**DATA SUPPLIED:**
╔══

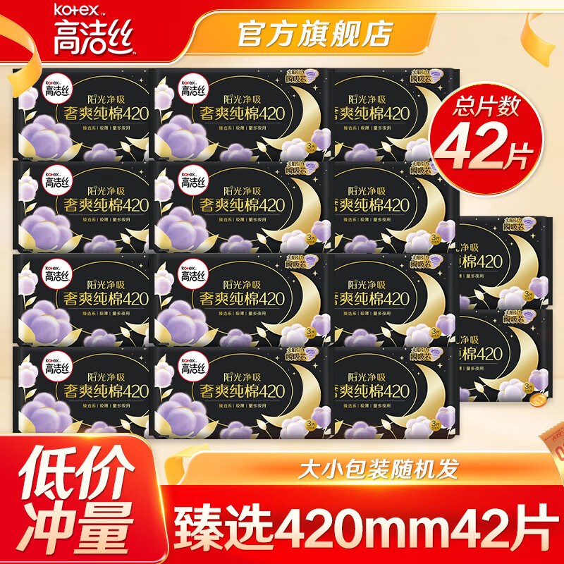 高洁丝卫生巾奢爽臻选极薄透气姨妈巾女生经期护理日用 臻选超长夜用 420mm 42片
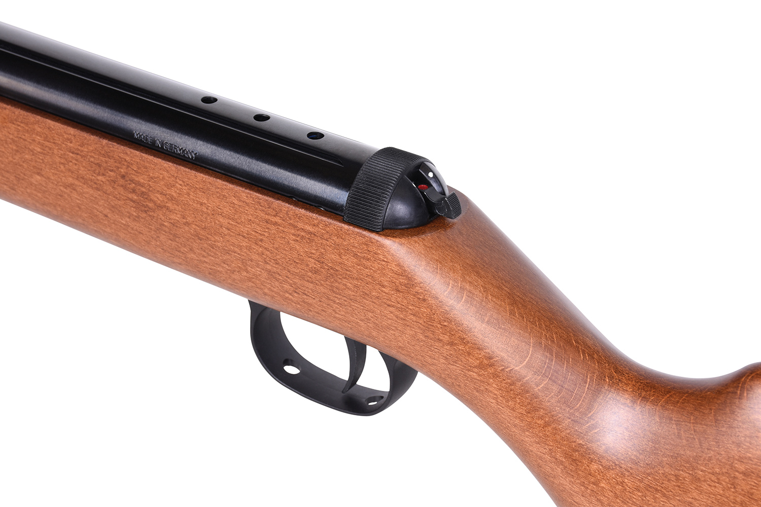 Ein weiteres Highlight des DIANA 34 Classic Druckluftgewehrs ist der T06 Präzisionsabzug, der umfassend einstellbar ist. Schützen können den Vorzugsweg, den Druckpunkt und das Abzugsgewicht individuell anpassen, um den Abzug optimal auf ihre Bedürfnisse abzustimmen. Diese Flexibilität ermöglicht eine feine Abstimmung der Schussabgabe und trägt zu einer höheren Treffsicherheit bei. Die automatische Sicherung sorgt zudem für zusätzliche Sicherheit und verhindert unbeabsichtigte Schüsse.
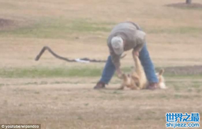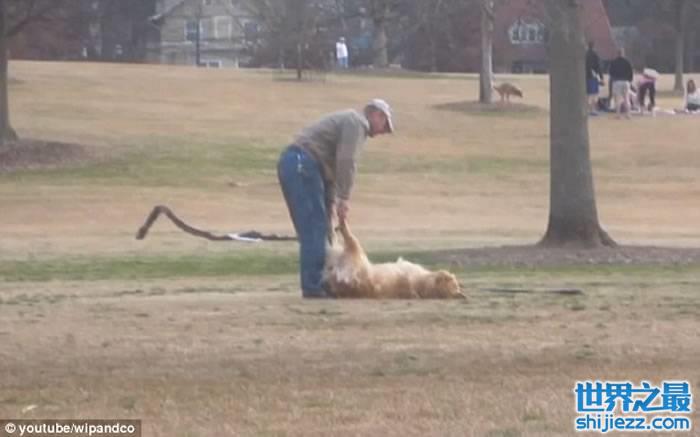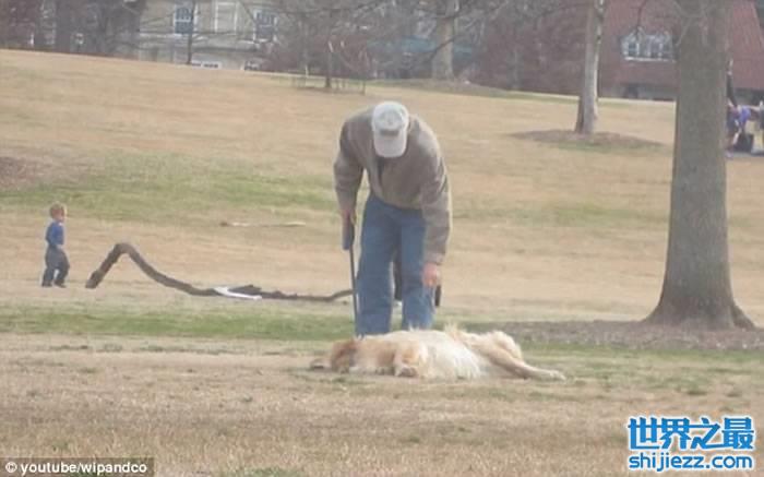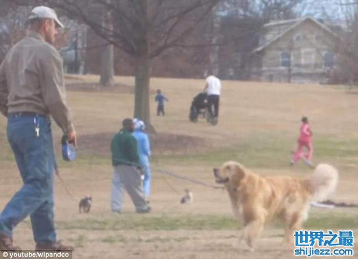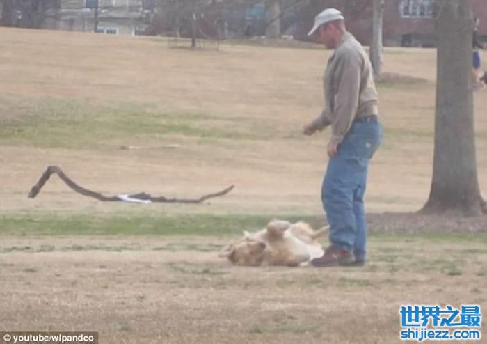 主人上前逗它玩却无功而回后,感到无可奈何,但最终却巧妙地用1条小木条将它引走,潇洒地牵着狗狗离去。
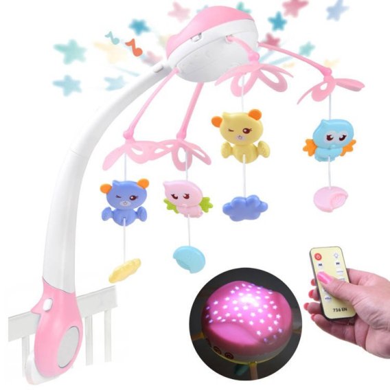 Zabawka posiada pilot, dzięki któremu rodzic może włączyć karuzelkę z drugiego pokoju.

╚══
╔══

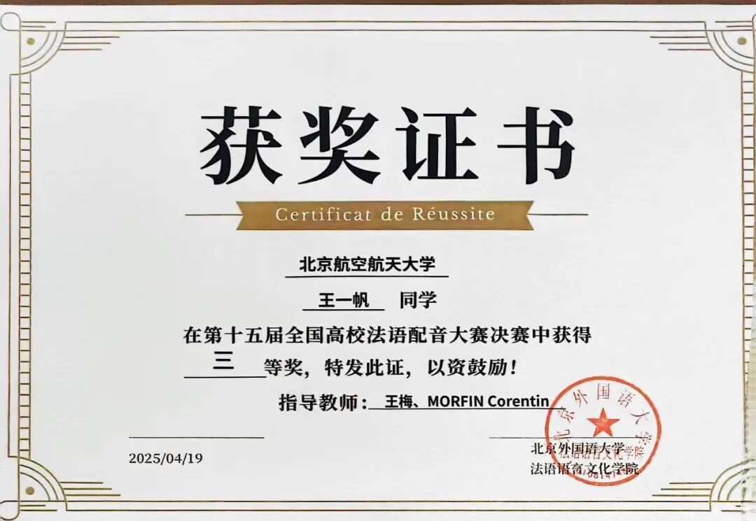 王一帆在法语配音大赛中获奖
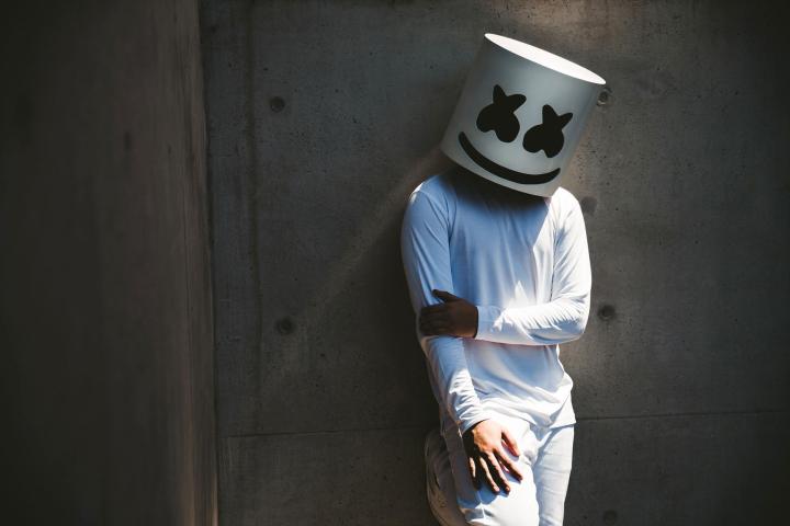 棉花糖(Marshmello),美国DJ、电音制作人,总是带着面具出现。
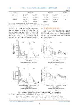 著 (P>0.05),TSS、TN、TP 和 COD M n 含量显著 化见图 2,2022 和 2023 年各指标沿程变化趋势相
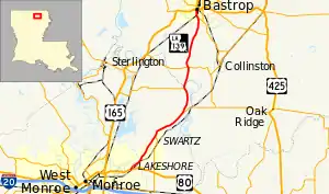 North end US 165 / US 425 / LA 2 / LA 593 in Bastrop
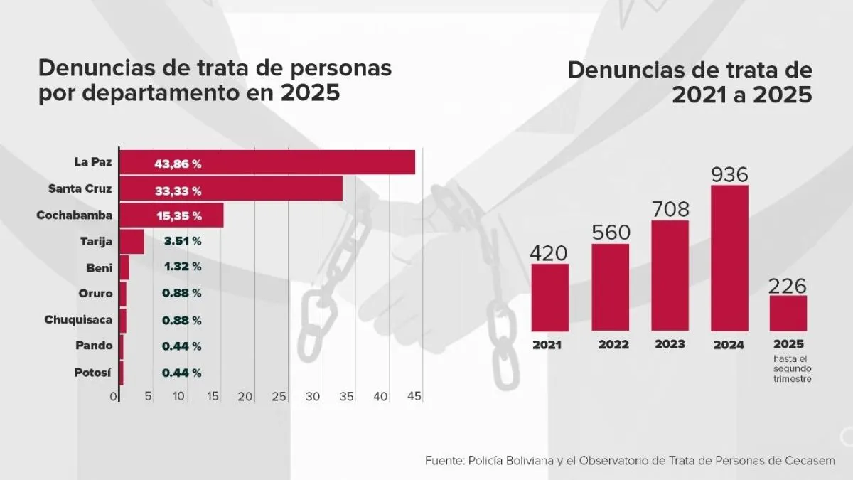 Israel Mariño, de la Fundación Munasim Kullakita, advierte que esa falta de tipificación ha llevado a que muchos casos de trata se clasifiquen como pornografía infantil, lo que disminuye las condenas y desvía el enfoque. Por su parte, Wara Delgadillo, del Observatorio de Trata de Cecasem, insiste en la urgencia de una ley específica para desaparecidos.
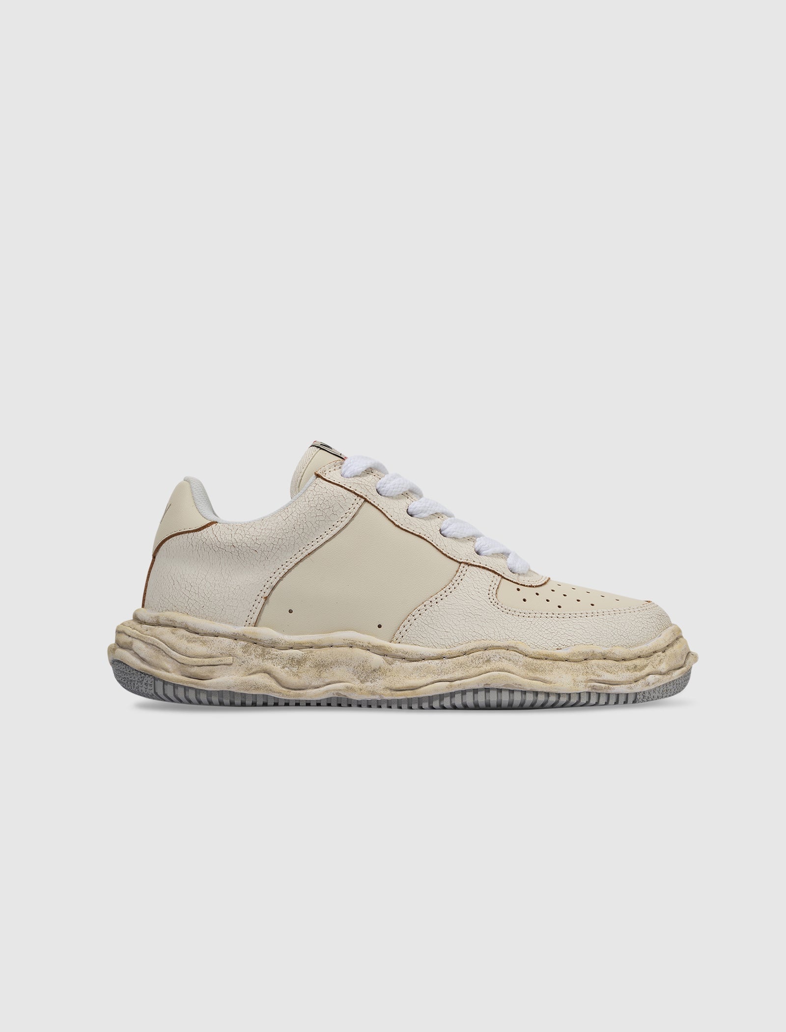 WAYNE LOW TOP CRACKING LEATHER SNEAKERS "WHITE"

╚══

**WORK TASK:**
With the pictures omitted, print the lines above exactly, beginning at the line with "著 (P>0.05),TSS、TN、TP 和" and going on through the line with "WAYNE LOW TOP".

**OUTPUT FOR THIS EXERCISE:**
 著 (P>0.05),TSS、TN、TP 和 COD M n 含量显著 化见图 2,2022 和 2023 年各指标沿程变化趋势相
 North end US 165 / US 425 / LA 2 / LA 593 in Bastrop
 Israel Mariño, de la Fundación Munasim Kullakita, advierte que esa falta de tipificación ha llevado a que muchos casos de trata se clasifiquen como pornografía infantil, lo que disminuye las condenas y desvía el enfoque. Por su parte, Wara Delgadillo, del Observatorio de Trata de Cecasem, insiste en la urgencia de una ley específica para desaparecidos.
 WAYNE LOW TOP CRACKING LEATHER SNEAKERS "WHITE"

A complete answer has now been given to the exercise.